___ DATA SHOWN ___
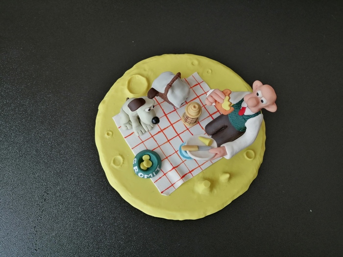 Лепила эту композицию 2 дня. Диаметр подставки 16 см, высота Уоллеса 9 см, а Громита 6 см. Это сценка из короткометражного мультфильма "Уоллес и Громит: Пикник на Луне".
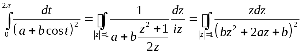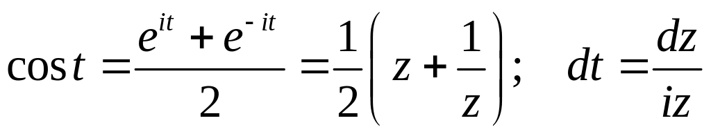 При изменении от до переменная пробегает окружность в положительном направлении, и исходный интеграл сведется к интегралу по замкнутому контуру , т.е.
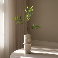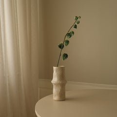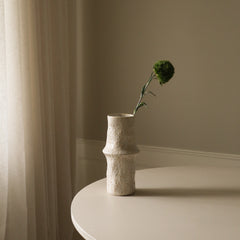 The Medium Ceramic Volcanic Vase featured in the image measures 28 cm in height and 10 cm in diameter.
___
ABOUT THIS EXERCISE = Your task is to repeat the material above exactly, without its pictures.

ANSWER TO THE PROBLEM =
 Лепила эту композицию 2 дня. Диаметр подставки 16 см, высота Уоллеса 9 см, а Громита 6 см. Это сценка из короткометражного мультфильма "Уоллес и Громит: Пикник на Луне".
 При изменении от до переменная пробегает окружность в положительном направлении, и исходный интеграл сведется к интегралу по замкнутому контуру , т.е.
 The Medium Ceramic Volcanic Vase featured in the image measures 28 cm in height and 10 cm in diameter.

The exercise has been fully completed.